Your package.json should looks something like the following.

package.json

{
  "name": "link-scraper",
  "version": "1.0.0",
  "description": "Scrapes a page and saves links in a HTML page to S3",
  "private": "true",
  "devDependencies": {
      "grunt": "0.4.*",
      "grunt-aws-lambda": "0.*.*"
  },
  "author": "",
  "license": "BSD"
}

Next, create a Gruntfile.js with the following:

Gruntfile.js

var grunt = require('grunt');
grunt.loadNpmTasks('grunt-aws-lambda');

grunt.initConfig({
    lambda_invoke: {
        default: {
        }
    },
    lambda_deploy: {
        default: {
            arn: 'arn:aws:lambda:us-east-1:123456781234:function:my-function'
        }
    },
    lambda_package: {
        default: {
        }
    }
});

grunt.registerTask('deploy', ['lambda_package', 'lambda_deploy']);

Then create an index.js, .npmignore and event.json with the following:

index.js

exports.handler = function (event, context) {
    console.log('webpage = ' + event.webpage);
    context.done(null, 'link-scraper complete.');
};

.npmignore

event.json
Gruntfile.js
dist
*.iml

event.json

{
    "webpage": "http://en.wikipedia.org/wiki/Main_Page"
}

Now run npm install

Then run grunt lambda_invoke, you should receive the following output:

lambda_invoke

Running "lambda_invoke:default" (lambda_invoke) task

webpage = http://en.wikipedia.org/wiki/Main_Page

Message
-------
link-scraper complete.

Done, without errors.

Congratulations, you’ve created a Lambda function and executed it locally!

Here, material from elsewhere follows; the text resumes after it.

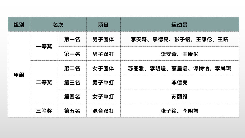 在单项比赛中,我校男双(李安奇/王康伦)稳定发挥,以前场快速连贯和后场有力下压控制的绝对优势摘得桂冠。男子单打(李德亮)经验丰富,稳扎稳打摘得一枚铜牌。女子单打(苏丽雅)球球必争,奋力拼搏,最终取得第四名的优异成绩。女双选手(蔡星语/谭诗怡)不畏强敌,奋勇拼搏小组赛以2:1的微弱劣势惜败此次大赛冠军。混合双打(张子铭/李明煜,王跖/李岚琪)均发挥出色,经过激烈角逐,王跖/李岚琪跻身16强,张子铭/李明煜取得第五名的佳绩。

Using NPM packages with AWS Lambda

For most nontrivial functions you’re going to want to leverage 3rd party libraries. The grunt plugin makes using NPM packages with Lambda easy.

In this example we’re going to use the following NPM packages:

request - Make a HTTP request to download the target page
cheerio - Query the DOM of the page we download
moment - Format the current time
mustache - Generate our HTML page using a template file
aws-sdk - Access the AWS API to upload the page to S3

As the aws-sdk is already available in the Lambda environment we’re only going to include it in the devDependencies, the rest belong in the regular dependencies.

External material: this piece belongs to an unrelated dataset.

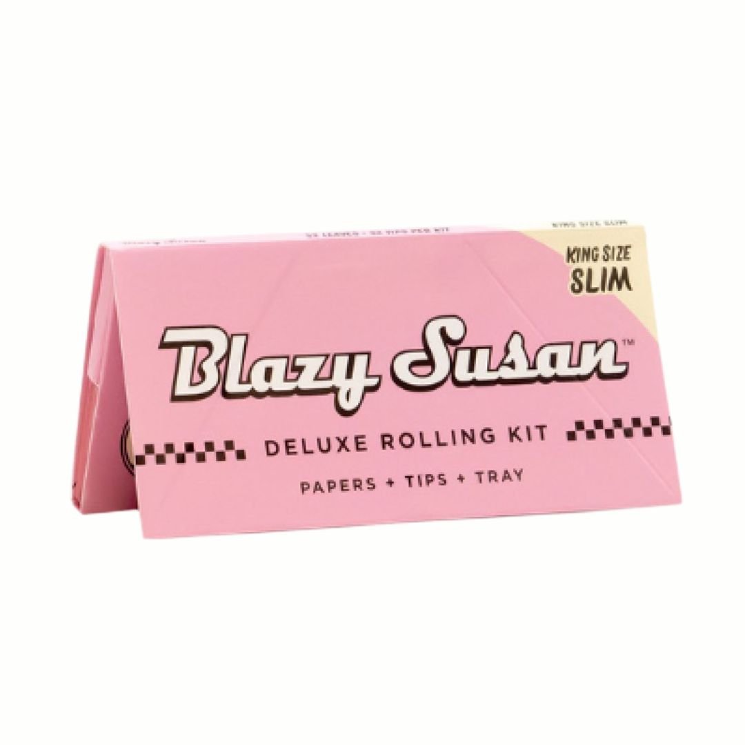 El Blazy Susan Deluxe Kit es un completo set todo en uno. Incluye un paquete de 32 papeles King Size Slim, un bloque de filtros y una práctica bandeja, ¡todo en un elegante color rosa!

Update your package.json file with the following:

package.json

...
"dependencies": {
    "cheerio": "0.18.0",
    "request": "2.49.0",
    "mustache": "0.8.2",
    "moment": "2.8.4"
},
"devDependencies": {
    "grunt": "0.4.*",
    "grunt-aws-lambda": "0.*.*",
    "aws-sdk": "2.0.23"
},
"bundledDependencies": [
    "cheerio",
    "request",
    "mustache",
    "moment"
],
...

Note that you must include any packages which are to be included in the Lambda package within the bundledDependencies list.

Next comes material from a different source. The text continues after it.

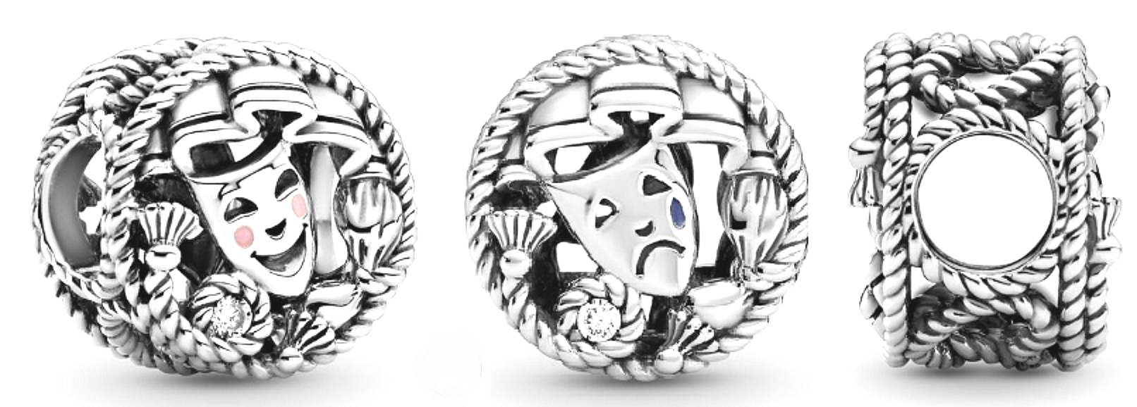 Vyjádřete své emoce světu pomocí TragiComic Mask. Toto sofistikované kouzlo je inspirováno komedií a sebevyjádřením. Usměvavou komiksovou masku zdobí tvář s růžovým smaltem, protější tragickou masku pak zdobí slzy z modrého smaltu. Maska je orámována 3D krajkou a provazy připomínajícími střapce, zdobená třpytivým syntetickým drahokamem na obou stranách a propojená do srdce. Přijměte své dvojí pocity osobním stylem.

Now run npm install again to install these new packages.

Developing a Lambda function using NPM packages

Now we can actually develop the Lambda function in index.js, below is an example of a Lambda function to download the page provided in the webpage attribute of the event, extract all the links, convert them to absolute URLs, then generate a list of these links from a mustache template and upload it to S3.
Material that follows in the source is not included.